CGAL at TAU  FAQ
Planar Maps and Arrangements of CGAL
 Is the outer CCB of a face of a Planar map a SIMPLE polygon?
 Polygon Boolean Operations: What's complicated and how can I use arrangements to compute them?
 How can I accelerate work with planar maps and arrangements?
 How can I add information to a vertex, a halfedge or a face?
Is the outer CCB of a face of a Planar map a SIMPLE polygon?
The outer CCB of a face of a planar map is NOT necessarily a simple polygon. Consider the case where there are "inner antennas"; imagine a face represented by a simple polygon and a vertex v on the outer CCB of the face. Now connect a component that starts and ends at v and lies in the interior of the face (one edge incident at v suffices).Mind that you might get a non simple polygon even if the outer CCB represents one due to numerical errors, if you are using an inexact number type.
Polygon Boolean Operations: What's complicated and how can I use arrangements to compute them?
The problem with boolean operations of polygons, in the general sense, is that the result might be a collection of things other than polygons. Unions can result with faces with holes and intersections can result with vertices or edges (e.g., two triangles sharing a vertex).For proper intersections, that is intersections of the interiors of polygons, one can use our polygon intersection demo program on CGAL's demo page.
Take a look at the source files. The "engine" can be easily changed to perform union as well. The implementation uses CGAL arrangements, but the interface was built so that you only need to know of CGAL::Polygon_2 in order to use it.
Work is in progress for a package of Map Overlays. A derivative of this package will be Boolean Operations of planar maps and this will cover all possible cases.
How can I accelerate work with planar maps and arrangements.
The following answer is extracted from the reference pages for Planar Maps in CGAL.Before the specific tips, it should be reminded that compiling programs with debug flags turned off and with optimization flags significantly reduces running time.
 The default point location strategy (i.e. using trapezoidal decomposition) is the fastest one when queries are concerned. However, since it has to build a search structure it might slow down the incremental building process of the map. If it is known in advance that there will not be many point location or vertical ray shoot queries use another point location strategy (such as the walk or simple strategies) which does not slow down the building process (no search structure is being built).

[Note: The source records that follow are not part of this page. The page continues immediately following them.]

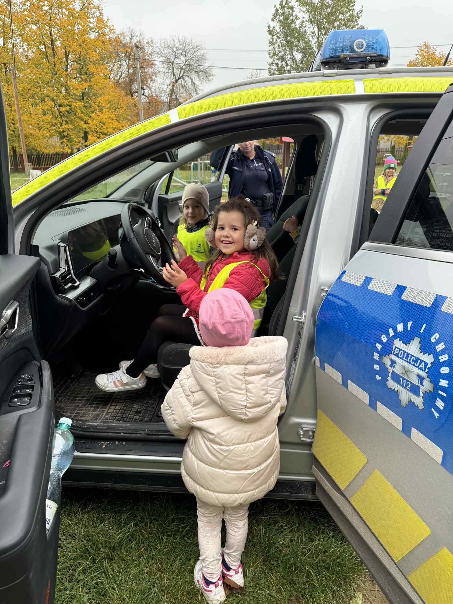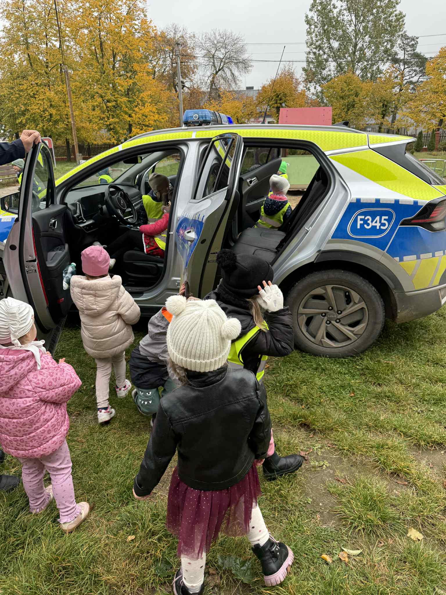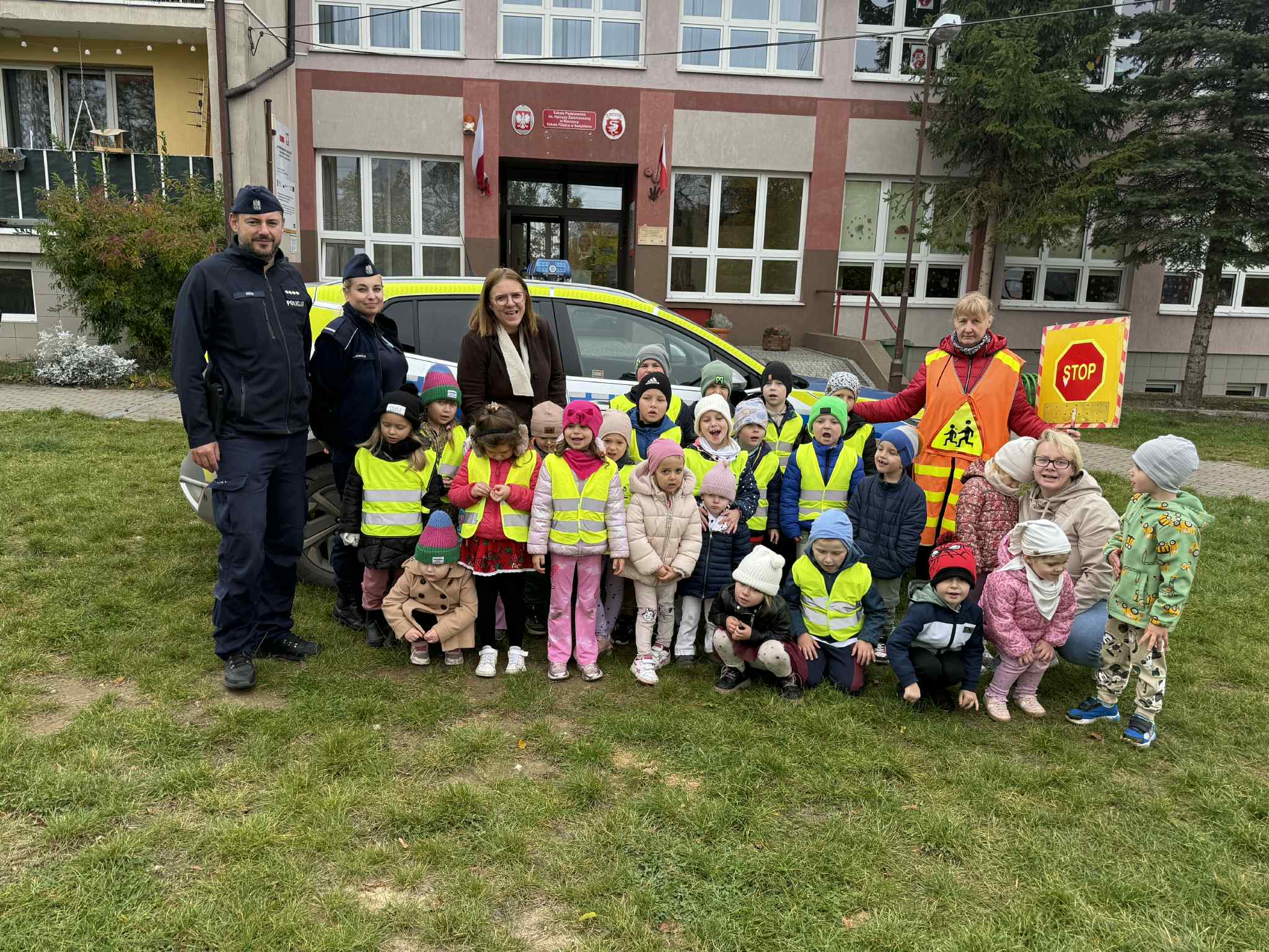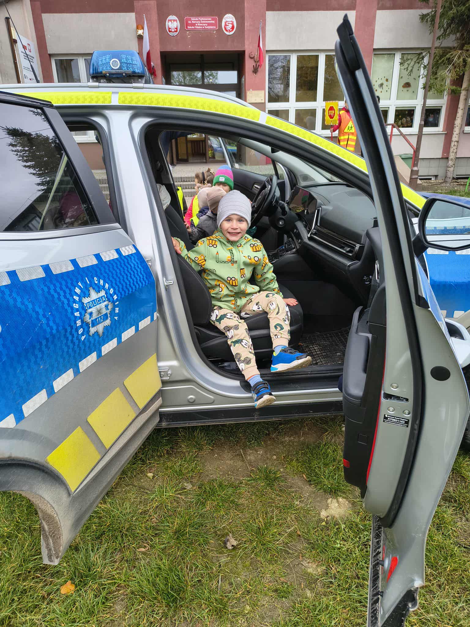 W naszym przedszkolu i szkole odbyło się spotkanie z policjantami. Tematem spotkania było utrwalenie z dziećmi z oddziału przedszkolnego oraz klas 1-3, zasad ruchu drogowego oraz przypomnienie zagadnień dotyczących bezpieczeństwa dzieci w przedszkolu i w domu. Policjanci, w formie praktycznej, przypomnieli podstawowe zasady zachowania się podczas przechodzenia przez jezdnię oraz sposoby poruszania się hulajnogą na chodniku i przejściu dla pieszych. Następnie wytłumaczyli, jak należy zachować się w kontaktach z obcymi ludźmi, jak dbać o bezpieczeństwo własne i innych oraz do kogo zwracać się o pomoc w sytuacji zagrożenia. Dzieci z dużym zainteresowaniem słuchały rad i wskazówek zaproszonych gości. Przedszkolaki mogły również zobaczyć, jak wygląda policyjny radiowóz od środka, używały sygnałów świetlnych, dźwiękowych oraz korzystały z megafonu. Na zakończenie wizyty dzieci wręczyły policjantom podziękowanie.
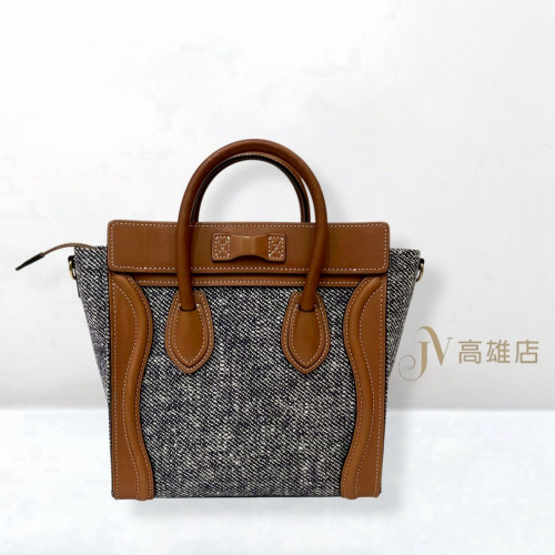 JK1838 Celine包包 單寧拼焦糖牛皮金釦Nano Luggage手提斜背冏包189242CKN.07AT (喬萱高雄店)
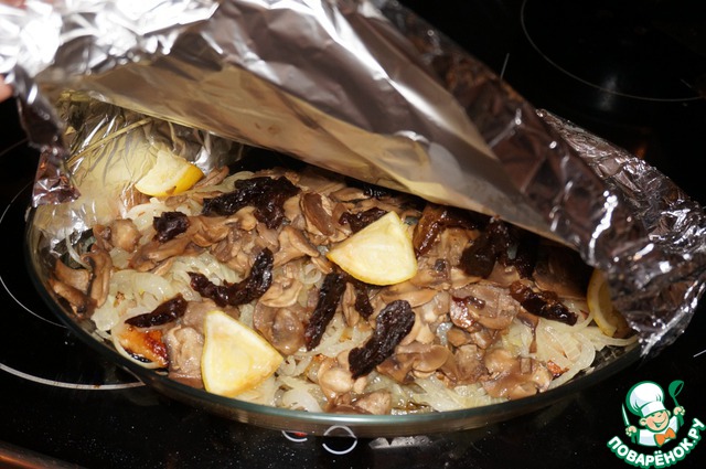 Закрываем фольгой и отправляем в духовку на 7-10 мин при 200 градусах.
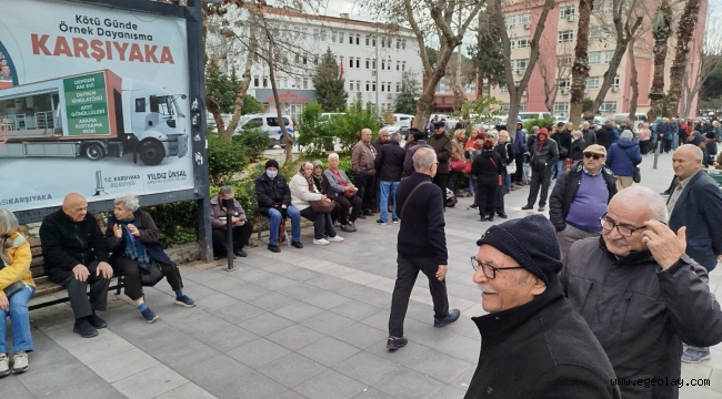 Perişan durumda olduklarını ifade eden emekliler, kuyruktakilerin yaş ortalamasının 75 ve üzeri olduğunu vurgulayarak, bu şekilde beklemeyi hak etmediklerini dile getirdi. Ayrıca, Karşıyaka Belediyesi'nden kuyruğun olduğu alana bank koyulmasını talep ettiler.
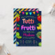 Amaze your guests with this colourful kids birthday party invite featuring assorted fruits and vibrant typography against a dark blue background. Simply add your event details on this easy-to-use template to make it a one-of-a-kind invitation. Flip the card over to reveal a colourful stripes pattern on the back of the card.
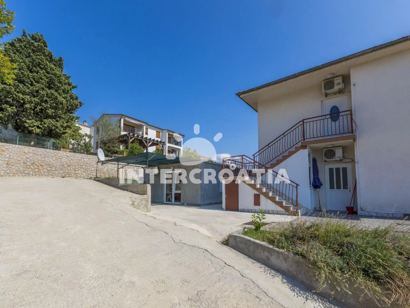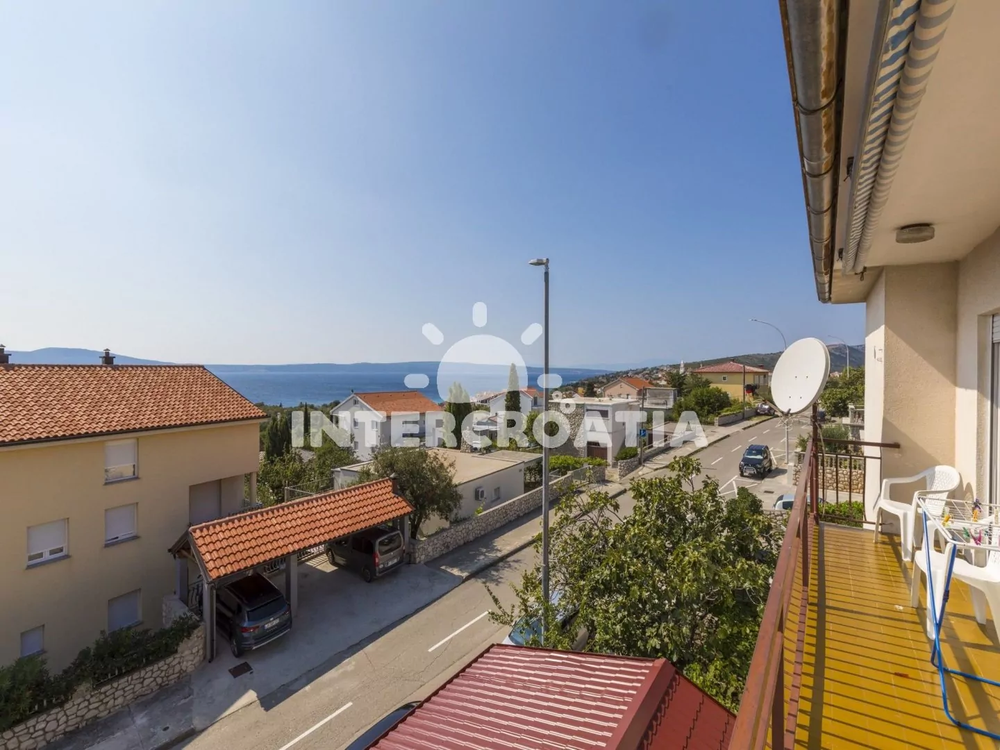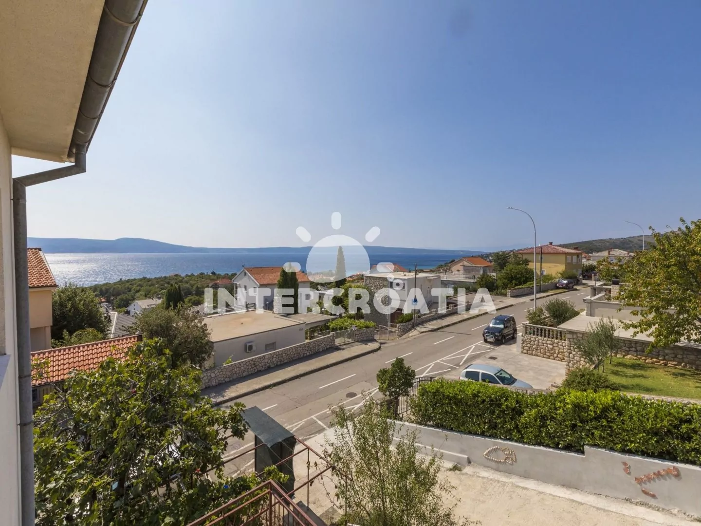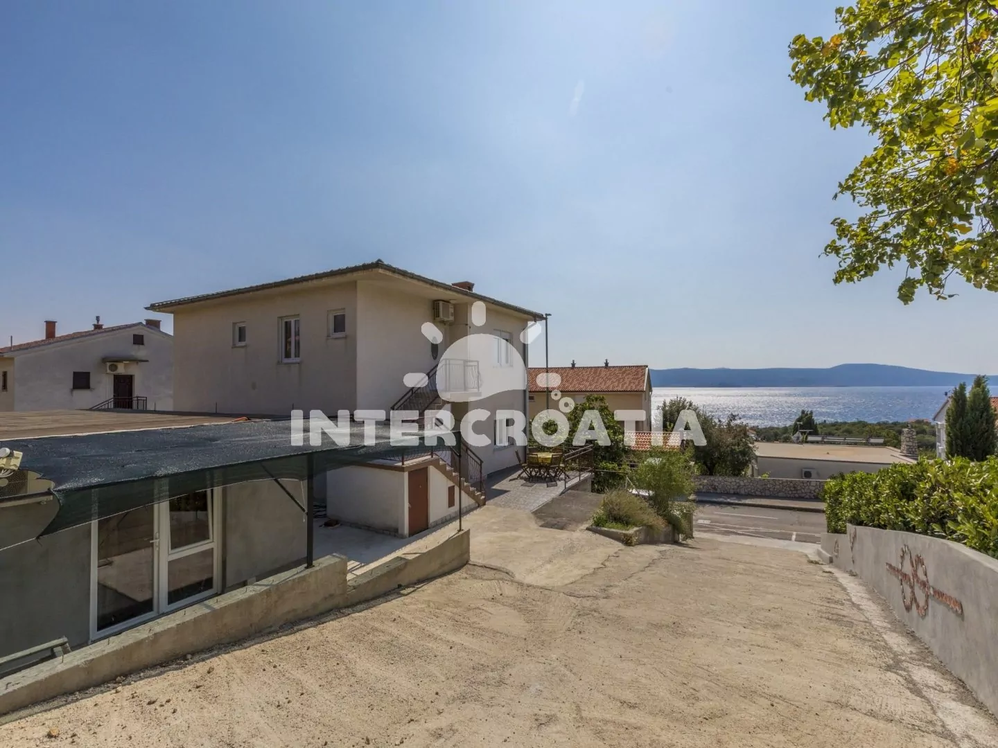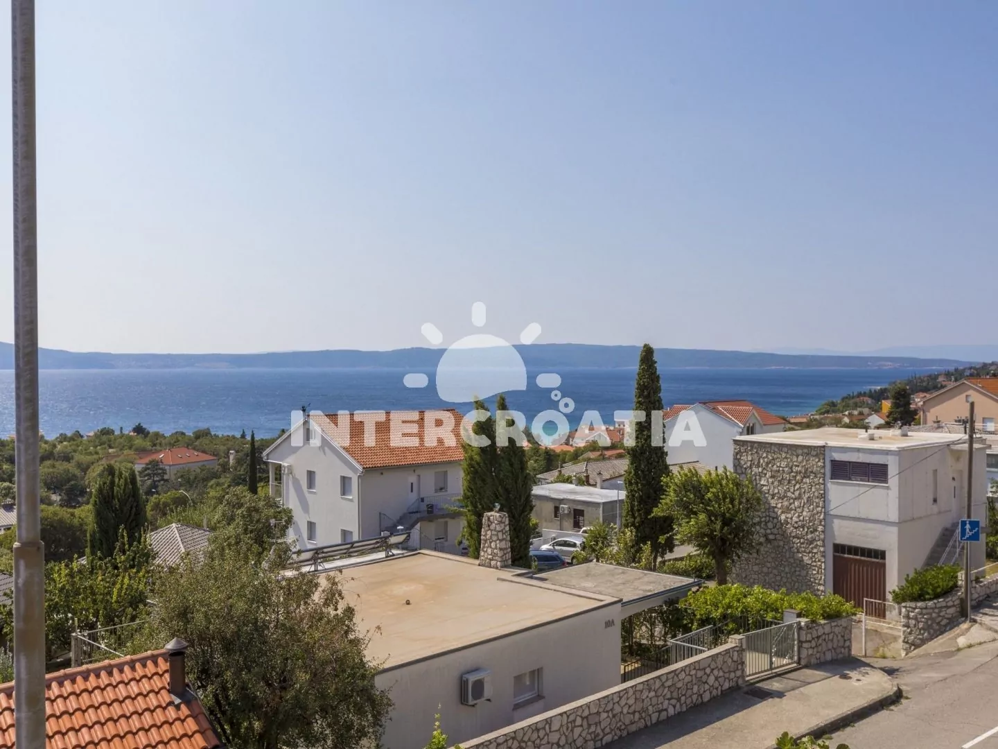 Velmi dobře umístěný dům s výhledem na moře a dobrou vzdáleností jak do centra tak k oblázkové pláži. Parkovací místa u domu.
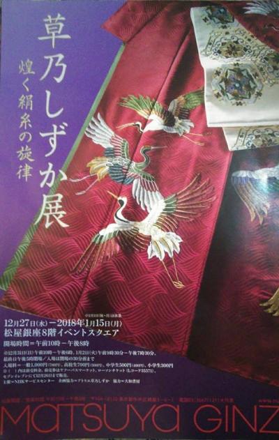 年末に訪れた銀座松屋の8階で刺繍作家草野しずかさんの展覧会がありました。
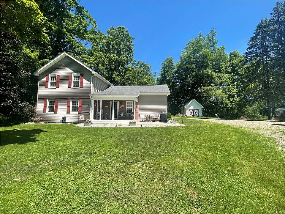 Enjoy privacy and serenity on this 2 acre property. The sprawling yard is lined with mature trees, along with some blackberry & raspberry bushes. A newly added patio provides a peaceful place to relax outdoors. This move-in-ready home features an eat-in kitchen with newer appliances, first floor laundry, new windows & gutters and two living spaces. Hallway closets and basement offer extra storage, along with oversized shed outside
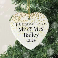 Celebrate a special first Christmas as a married couple with this Personalised Mr and Mrs 1st Christmas Ceramic Heart Decorations Decoration.
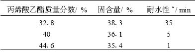 表 1 丙烯酸乙酯用量對乳液性能的影響
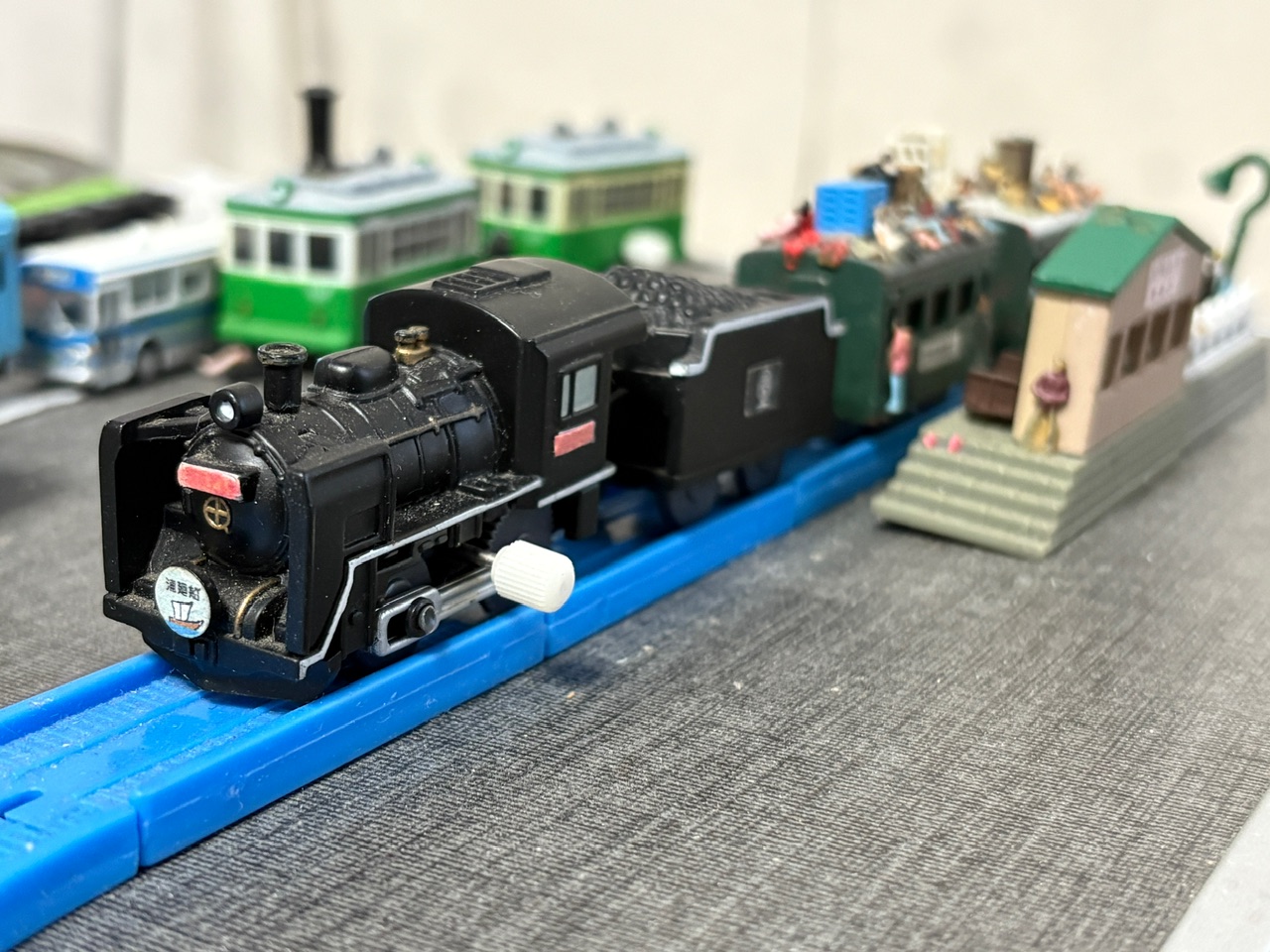 朝とも夕ともつかぬ灰色の時間帯、青い線路の上に、煤をまとったC57が止まっていた。
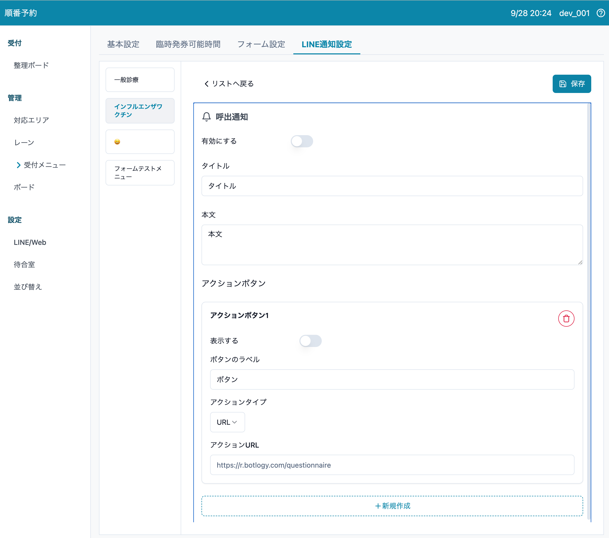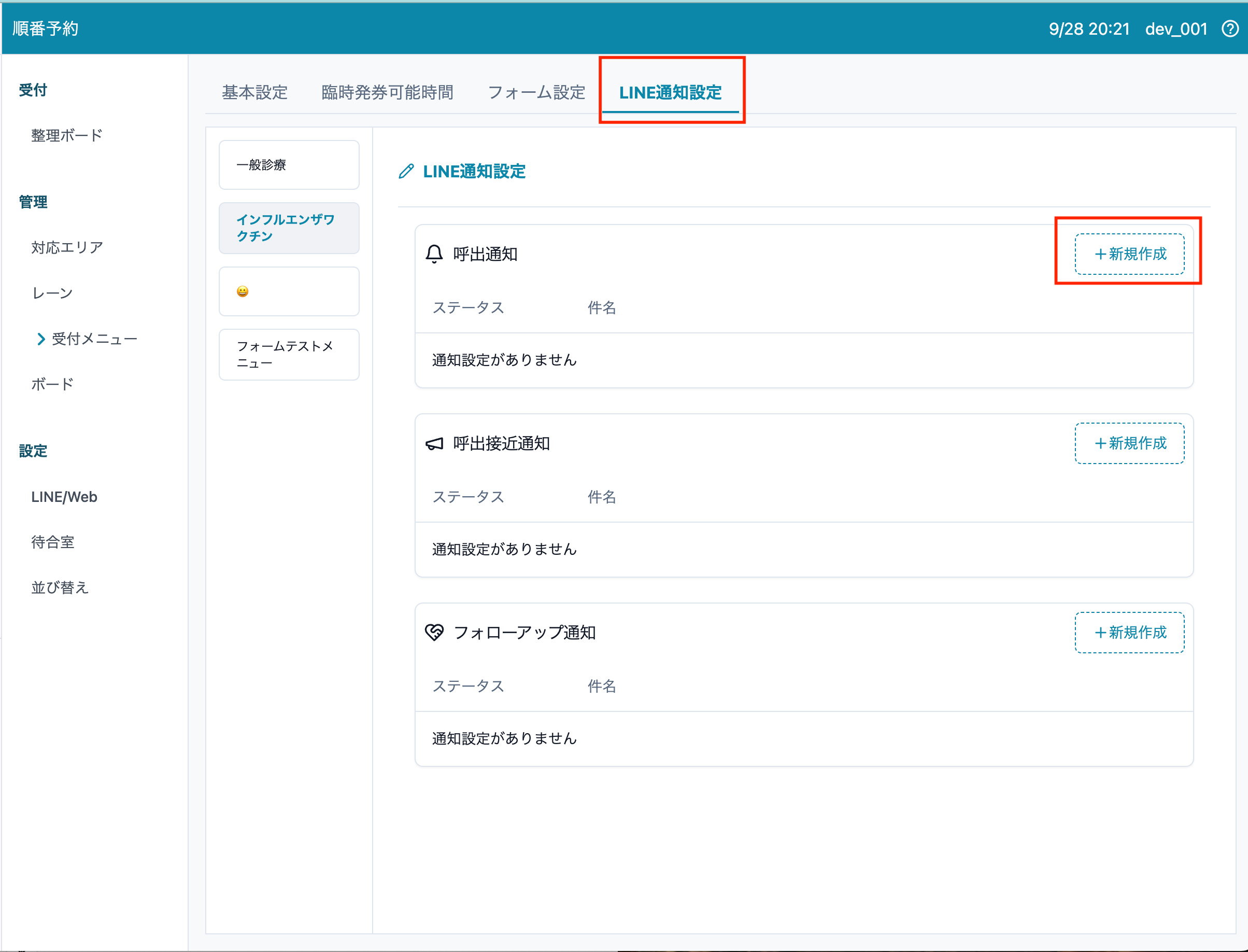 1. 順番予約 > 受付メニュー > LINE通知設定 > 呼び出し通知 > [新規作成] を押します。
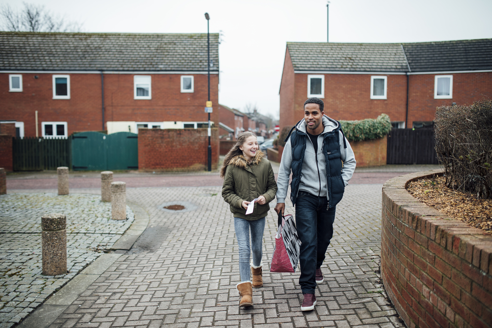 Little girl and her father are returning home from a trip to the shops.

Prior knowledge of the combinatorial structure of the map can
be used to accelerate insertion time. The specialized insertion
functions, i.e insert_in_face_interior,
insert_from_vertex or insert_at_vertices should be used
according to this information. The insert function performs point
location queries and then calls one of the other update functions
and therefore takes more time. The function
insert_in_face_interior even takes constant time. The other
two are linear in the worst case, but should be much faster most of
the time.
Insertion of a polygon, which is represented by a list of segments along its boundary, into an empty planar map should be done in the following way. First, some segment should be inserted using insert_in_face_interior with the unbounded face. Then a segment with a common end point can be inserted using insert_from_vertex and so on with the rest of the segments but last. The last segment can be inserted using insert_at_vertices since both it endpoints are represented as vertices of the map and are known in advanced.
 If the user has LEDA installed it is recommended to use the specialized traits classes Pm_leda_segment_exact_traits or Arr_leda_polyline_traits. These traits classes are much faster since they are specialized for LEDA's rational geometric kernel. Note that these traits classes are models of PlanarMapTraits_2 since they model its refinement, the ArrangementTraits_2 concept.
How can I add information to a vertex, a halfedge or a face?
The basic idea is to change the DCEL so that its vertex, halfedge and face types will contain the information you want.
Both CGAL::Planar_map_2
and CGAL::Arrangement_2
have
a DCEL template parameter.
You just have to supply your version of the DCEL. Your DCEL should be a
model of the appropriate concept, be it PlanarMapDcel_2
or
ArrangementDcel_2
.
The class Planar_map_2
extends the class
Topological_map
.
Take a look at the
manual
pages for Topological Maps. The section you want to
look for is Topological Map with Additional Information under
Examples.
You can find this example at
<CGAL>/examples/Topological_map/example2.C
Example 10 for planar maps shows the same idea applied to planar
maps. Find it at
<CGAL>/examples/Planar_map/example10.C
"<CGAL>" here refers to the installation directory of CGAL on your machine.